So we solved all the problems mentioned in the tagged class section by introducing a class hierarchy. But the unrestricted class hierarchies have the following shortcomings:
Unrestricted Polymorphism
By unrestricted polymorphism I mean that our function displayStatus() can be passed a value of unlimited number of subclasses of the DeliveryStatus. This means we have to take care of the unexpected states in displayStatus(). For this, we throw an exception.
Need for the else branch
Due to unrestricted polymorphism, we need an else branch to decide what to do when an unexpected state is passed. If we use some default state instead of throwing an exception and then forget to take care of any newly added subclass, then that default state will be displayed instead of the state of the newly created subclass.
No exhaustive when expression
Since the subclasses of an abstract class can exist in different packages and compilation units, the compiler doesn't know all the possible subclasses of the abstract class.
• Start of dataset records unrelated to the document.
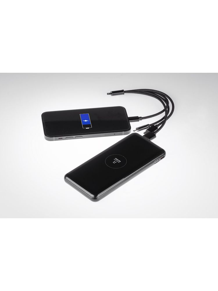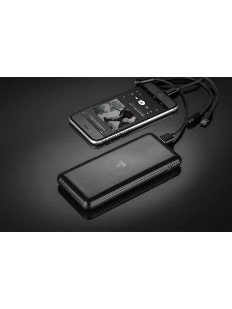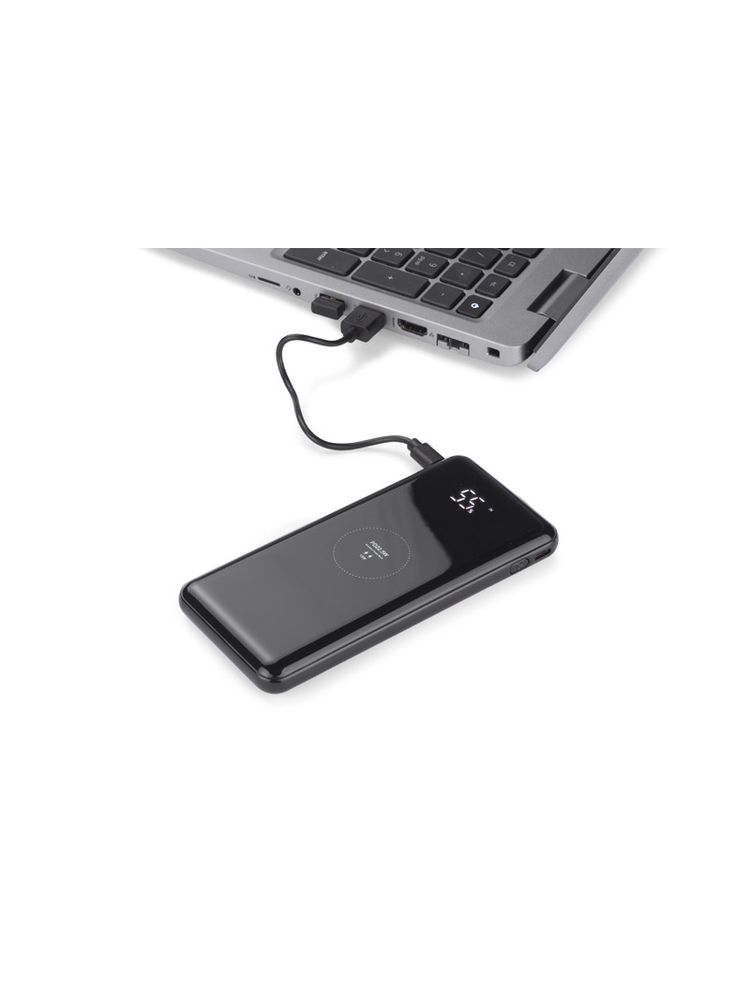 FUERTE 15W to power bank, który posiada wiele nowoczesnych funkcji. Najważniejszą z nich jest funkcja szybkiego ładowania Power Delivery (PD). Jest to standard szybkiego ładowania umożliwiający przesyłanie dużych mocy przez złącze typu USB-C. Technologia charakteryzuje się zwiększonym poziomem mocy, w przypadku FUERTE jest to aż 15W. Największą zaletą standardu Power Delivery jest możliwość inteligentnego dostosowywania mocy ładowania do ładowanego urządzenia. Poza tym power bank posiada wbudowaną ładowarkę bezprzewodową o maksymalnej mocy 15W, cyfrowy wyświetlacz ukryty pod elegancką lustrzaną obudową i latarkę. Port USB-C jest dwukierunkowy – jest jednocześnie wejściem i wyjściem, co oznacza, że – łącznie z dwoma wyjściami USB-A – istnieje możliwość ładowania aż trzech urządzeń jednocześnie. Kabel do ładowania jest dołączony.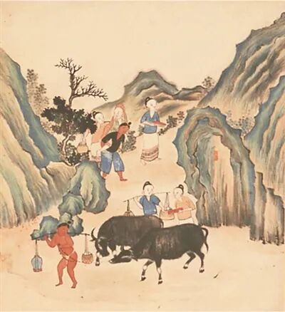 清代佚名《琼黎风俗图》“婚聘图”局部。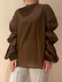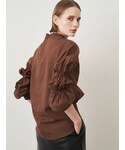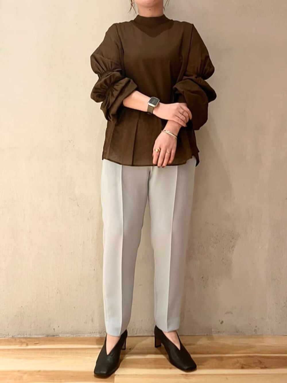 《お仕事にも◎今すぐ着れる秋スタイル》【ブラウス】ほどよい透け感が今年らしいブラウス。長袖ですが袖口にゴムが入っているのでたくしあげてもズレてこないのがポイント。ボリューム袖は羽織りに悩みがちですが、こちらのブラウスは薄手で柔らかいお素材なのでジャケットやアウターもらくらく着られました◎お首元も詰まっているのでほどよいかっちり感も◎【パンツ】1枚持っていれば安心の定番テーパードパンツ。着用カラーのアイスは店舗限定色。155cm01サイズ着用でお丈は裾上げいらずで着られるジャスト丈でした!シワになりにくくご自宅で洗えるのでデイリー使いにぴったり。合わせるアイテムでオフィスカジュアルからママコーデまで幅広くお使いいただけます。
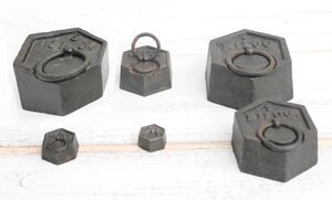 Sechs sechseckige, nach oben etwas schmaler werdende Gewichte aus Eisen. Auf jedem Gewicht steht die Gewichtsangabe. Mit einem Ring kann das Gewicht in die Hand genommen werden oder an einem Haken aufgehängt werden. Vorhandene Gewichte: ( Gewicht / Durchmesser / Höhe) 5 kg / 12 cm / 7 cm 2 kg / 8,5 cm / 5 cm 1 kg / 7 cm / 4 cm 500 g / 5,5 cm / 3 cm 100 g / 3 cm / 2 cm 50 g / 2,5 cm / 1,5 cm Sechseckige Gewichte deuten auf eine Herstellung in Frankreich. Auch die in Deutschland unübliche Beschriftung "KILOG" lässt dies vermuten.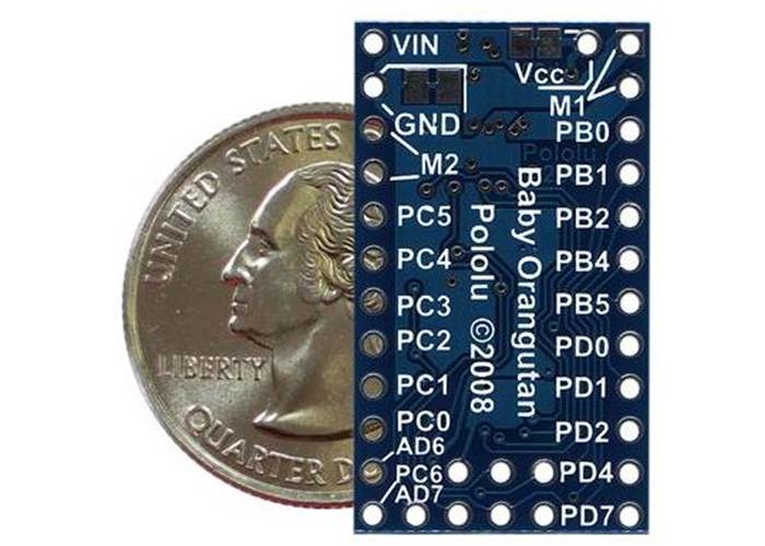 The Baby Orangutan B-328 is a very compact but complete robot controller, packing a high-performance ATmega328P AVR microcontroller (with 32 KB of program memory and 2 KB of RAM) and two motor drive channels in the same 24-pin form factor as competing units that include just a microcontroller. You can connect your battery, sensors, and motors directly to this small module to make a miniature robot, or you can use the Baby Orangutan as an auxiliary controller in larger robots.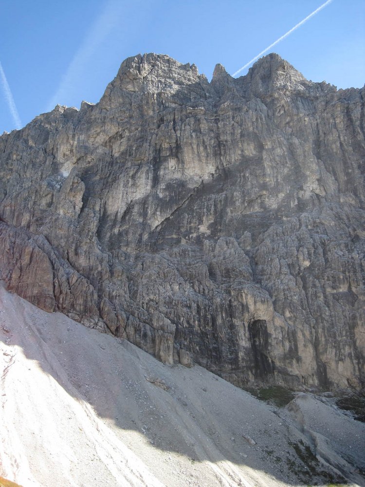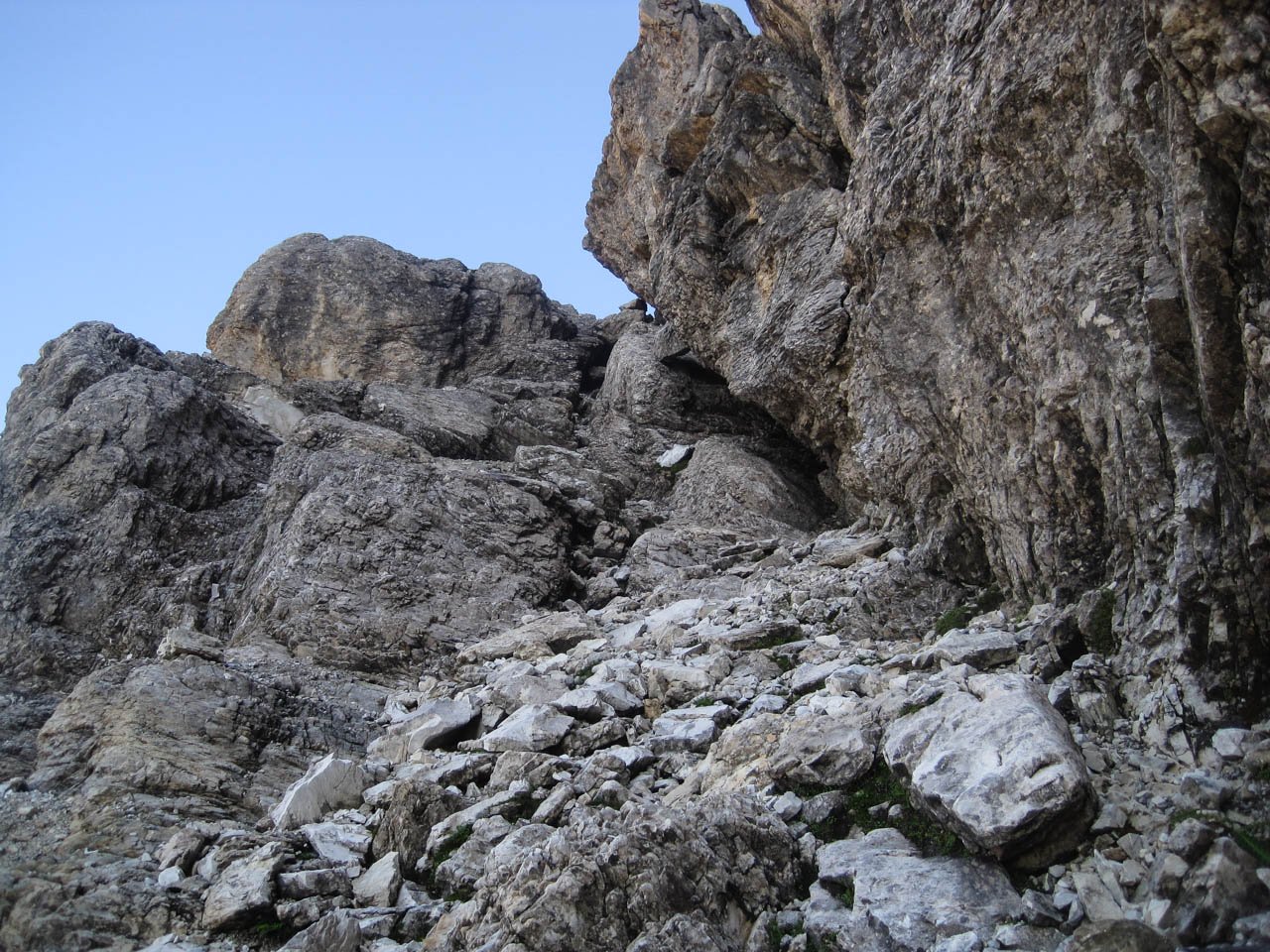 Abstieg kurz nach SO, über den 2. Kamin abseilen und über Schrofen in den Schuttkessel, dann Normalweg Tribulaun.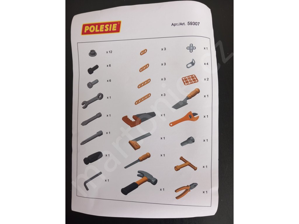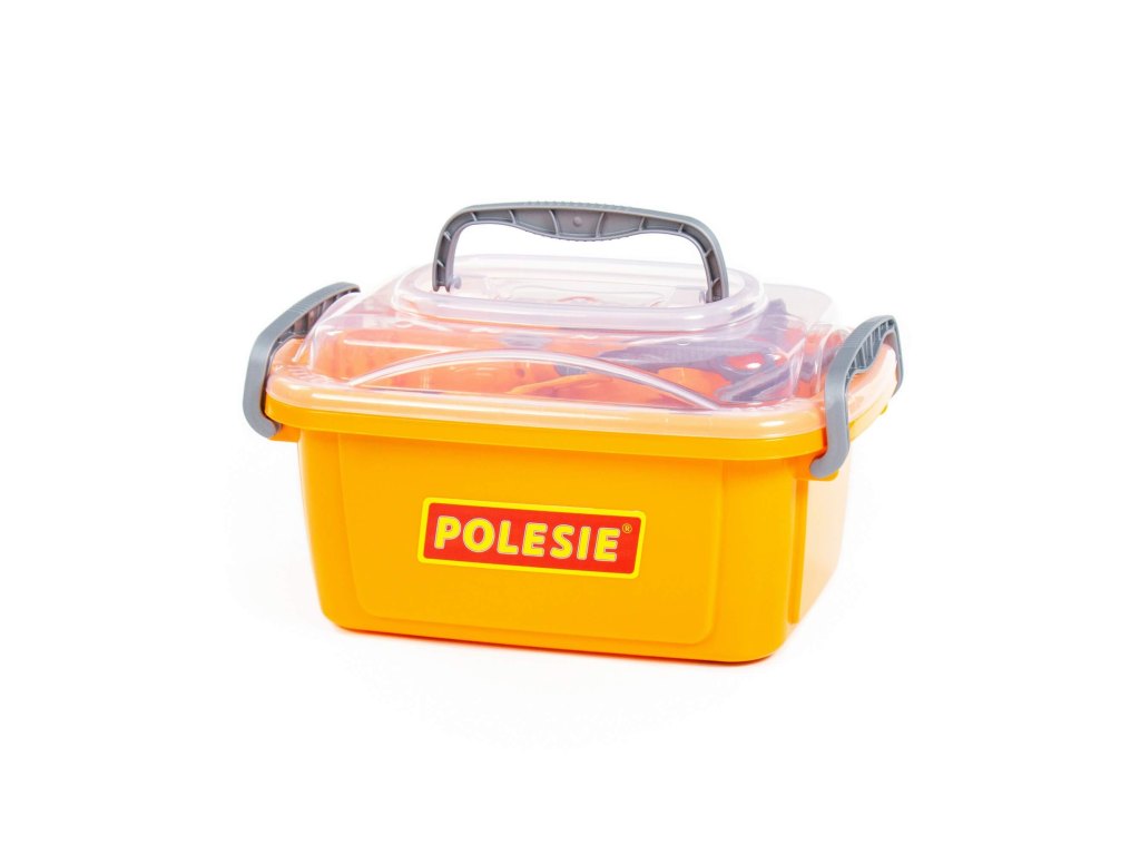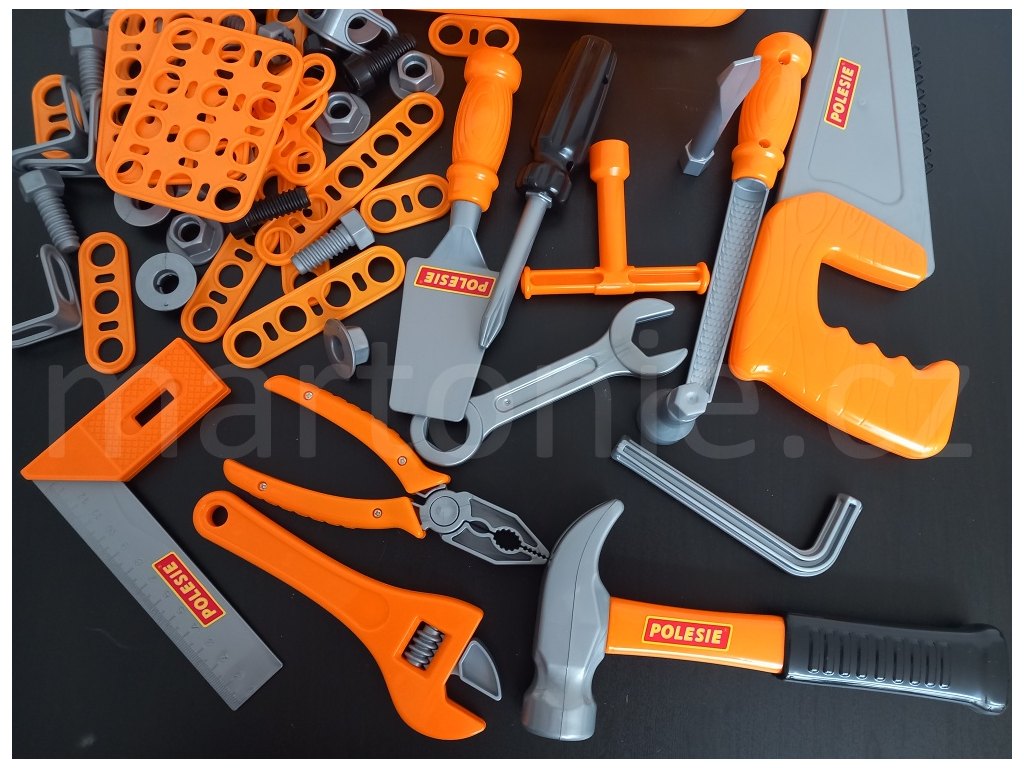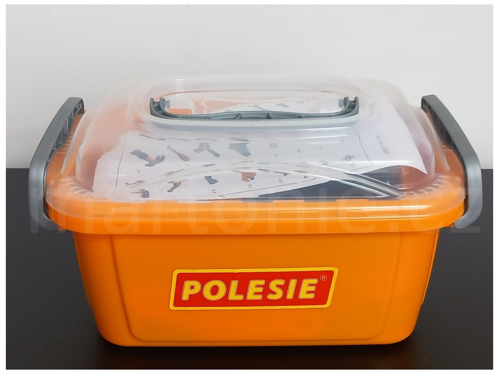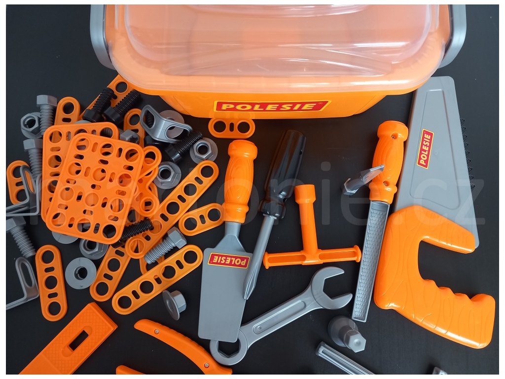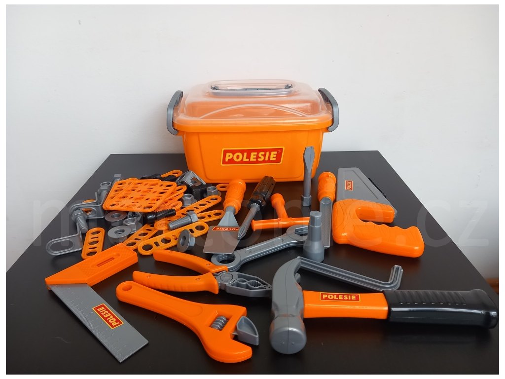 Nářadí je uloženo ve stohovatelném plastovém boxu. Děti si ho mohou snadno přenášet a je vždycky krásně uklizené. Díky tomu, že je nářadí plastové, mohou ho děti brát i ven a pracovat tu s tátou nebo dědečkem. Nářadíčko pak snadno umyjete a osušíte.

So it won't flag an error at compile time, if we forget to take care of any newly created subclasses in the when expression. In that case, only throwing an exception can help us. Unfortunately, we'll know about the newly created state only after the program crashes at runtime.
Sealed Classes to the Rescue
Restricted class hierarchy: sealed class
Using the sealed modifier on a class does two things:
It makes that class an abstract class. Since Kotlin 1.5, you can use a sealed interface too.
It makes it impossible to extend that class outside of that file. Since Kotlin 1.5 the same file restriction has been removed. Now the class can be extended in other files too but they need to be in the same compilation unit and in the same package as the sealed type.
sealed class DeliveryStatus
object Preparing : DeliveryStatus()
class Dispatched(val trackingId: String) : DeliveryStatus()
class Delivered(val receiversName: String) : DeliveryStatus()
Our displayStatus() function now looks cleaner:
fun displayStatus(state: DeliveryStatus) = when (state) {
is Preparing -> print("Preparing for Dispatch")
is Dispatched -> print("Dispatched. Tracking ID: ${state.trackingId}")
is Delivered -> print("Delivered. Received by ${state.receiversName}")
}
Sealed classes offer the following advantages:
Restricted Polymorphism
By passing an object of a sealed class to a function, you are also sealing that function, in a sense. For example, now our displayStatus() function is sealed to the limited forms of the state object, that is, it will either take Preparing, Dispatched or Delivered. Earlier it was able to take any subclass of DeliveryStatus. The sealed modifier has put a limit on polymorphism. As a result, we don't need to throw an exception from the displayStatus() function.
No need for the else branch
Due to restricted polymorphism, we don't need to worry about other possible subclasses of DeliveryStatus and throw an exception when our function receives an unexpected type. As a result, we don't need an else branch in the when expression.
Exhaustive when expression
Just like all the possible values of an enum class are contained inside the same class, all the possible subtypes of a sealed class are contained inside the same package and the same compilation unit. So, the compiler knows all the possible subclasses of this sealed class. This helps the compiler to make sure that we have covered(exhausted) all the possible subtypes in the when expression. And when we add a new subclass and forget to cover it in the when expression, it flags an error at compile time.
Note that in the latest Kotlin versions, your when is exhaustive for the when expressions as well the when statements.
Why in the same file?
The same file restriction has been removed since Kotlin 1.5. Now you can define the subclasses of the sealed class in different files but the files need to be in the same package and the same compilation unit. Before 1.5, the reason that all the subclasses of a sealed class needed to be in the same file was that it had to be compiled together with all of its subclasses for it to have a closed set of types. If the subclasses were allowed in other files, the build tools like Gradle would have to keep track of the relations of files and this would affect the performance of incremental compilation.
IDE feature: Add remaining branches
When you just type when (status) { } and press Alt + Enter, Enter, the IDE automatically generates all the possible branches for you like the following:
when (state) {
is Preparing -> TODO()
is Dispatched -> TODO()
is Delivered -> TODO()
}
In our small example there are just three branches but in a real project you could have hundreds of branches. So you save the effort of manually looking up which subclasses you have defined in different files and writing them in the when expression one by one in another file. Just use this IDE feature. Only the sealed modifier enables this.
That's it! Hope this helps you understand the essence of sealed classes.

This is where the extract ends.